La jeunesse ressuscite un métier ancestral Pêcheur de perles au Koweit
le 12 août 1998 à 00h00
Une fois l’an, de jeunes Koweitiens oublient pour quelques jours le confort de la vie moderne et renouent avec la rude existence de leurs aïeuls pêcheurs de perles, lorsque le pétrole n’existait pas. Cette année encore, six boutres traditionnels ont emmené 60 adolescents vers les bancs d’huîtres à plus d’un kilomètre au large, pour un séjour d’une semaine destiné à éprouver leur endurance à la plongée sans scaphandre. Dormant à la belle étoile, se nourrissant de riz, de poisson et de dattes, ils espèrent, comme leurs grands-parents, voir leur peine récompensée par l’éclat blanc d’une perle au fond de sa coquille. Les vétérans qui les accompagnent ne sont pas déçus par les jeunes, dont certains sont parvenus au bout de la troisième journée à effectuer jusqu’à 100 plongées quotidiennes. Abdallah Rajab Ali, président du comité organisateur, attribue ces performances à la «dure sélection» des candidats, et à six semaines d’entraînement intensif. Attachés à une corde et lestés par du plomb, les plongeurs atteignent rapidement trois à neuf mètres de fond. Ils passent deux minutes à cueillir les huîtres qu’ils mettent dans un panier attaché à une autre ligne. Pour signaler à un camarade en surface qu’il est à bout de souffle ou qu’il a cueilli assez d’huîtres, le plongeur tire à coups secs sur la corde. Les plongeurs sont vêtus de noir pour éloigner les méduses et les requins, se bouchent le nez avec une pince, mais ils n’utilisent pas de masque ni de palmes. Le but recherché par tous est une «dana», une perle d’une pureté et d’une forme parfaite qui vaut de nos jours jusqu’à 3.000 dinars (10.000 dollars). Mais sur les 26.000 huîtres recueillies les premiers jours du voyage, deux perles de qualité seulement ont été trouvées, et aucune «dana». Durant des siècles, Koweit a exporté des perles vers l’Europe, via des centres de tri à Malabar, Bombay et Bahrein. Une grande fête attend les jeunes plongeurs lors du retour sur la terre ferme, mais ils ne connaîtront pas les scènes de désolation qui assombrissaient le retour, il y a deux générations à peine, lorsque des plongeurs manquaient à l’appel. (AFP)
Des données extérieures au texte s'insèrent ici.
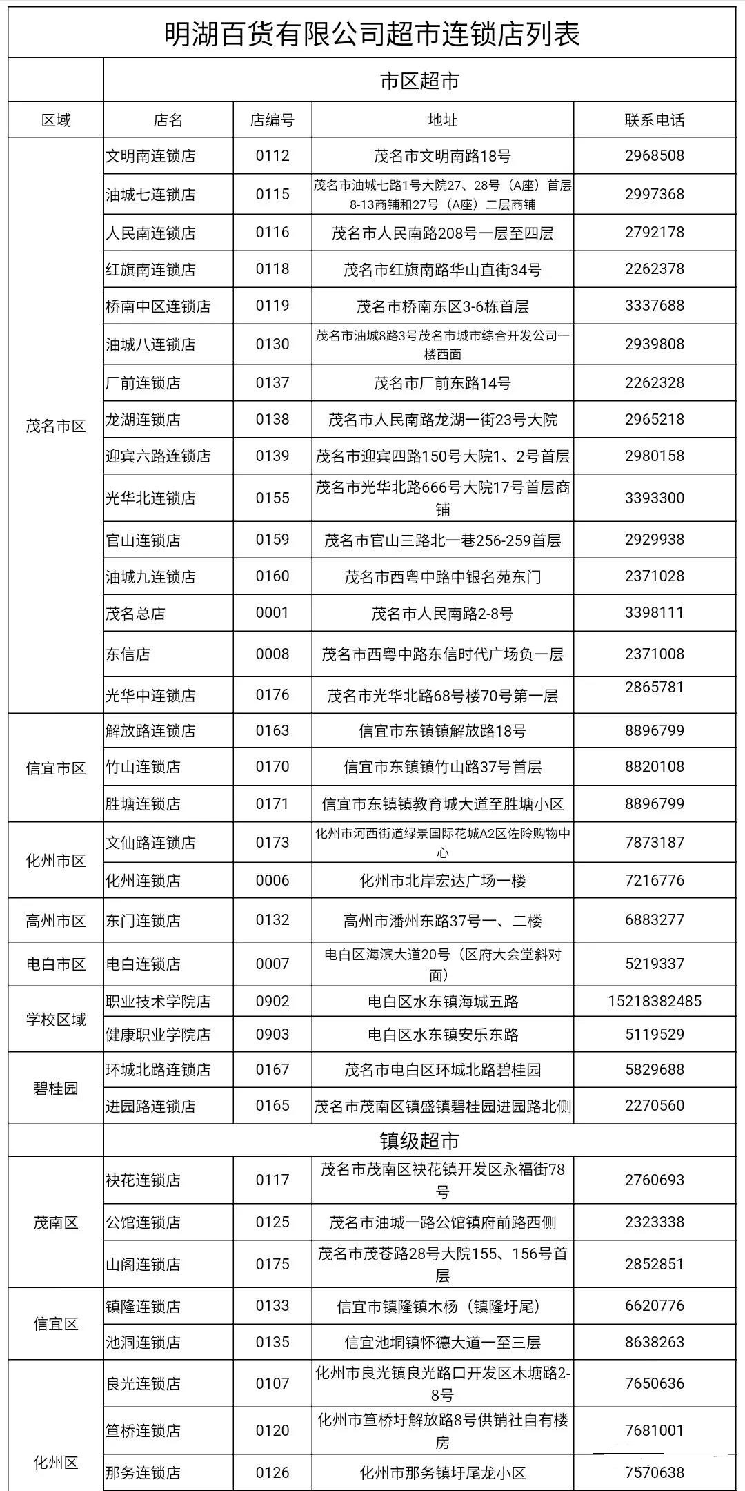 过节期间,外地员工在茂名明湖超市(包括全市范围内所有连锁店)购买生活必需品,结账时凭本人身份证、工作证(或企业用工证等),享受时价8.5折的折扣优惠。(具体打折连锁店地址,参考文末附件)
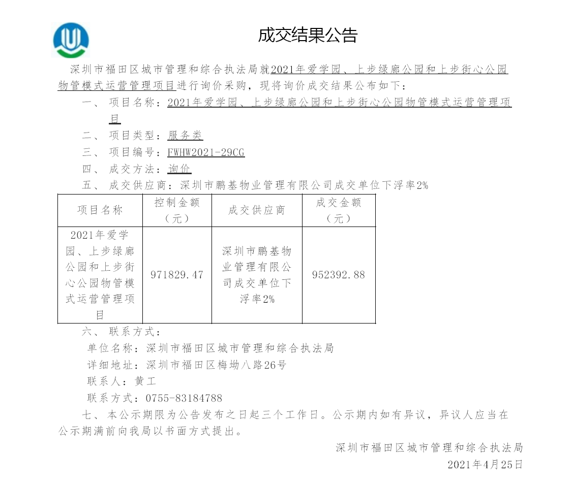 2021年爱学园、上步绿廊公园和上步街心公园物管模式运营管理项目成交结果公告

Une fois l’an, de jeunes Koweitiens oublient pour quelques jours le confort de la vie moderne et renouent avec la rude existence de leurs aïeuls pêcheurs de perles, lorsque le pétrole n’existait pas. Cette année encore, six boutres traditionnels ont emmené 60 adolescents vers les bancs d’huîtres à plus d’un kilomètre au large, pour un séjour d’une semaine destiné à éprouver leur endurance à la plongée sans scaphandre. Dormant à la belle étoile, se nourrissant de riz, de poisson et de dattes, ils espèrent, comme leurs grands-parents, voir leur peine récompensée par l’éclat blanc d’une perle au fond de sa coquille. Les vétérans qui les accompagnent ne sont pas déçus par les jeunes, dont certains sont parvenus au bout de la troisième journée à effectuer jusqu’à 100 plongées quotidiennes....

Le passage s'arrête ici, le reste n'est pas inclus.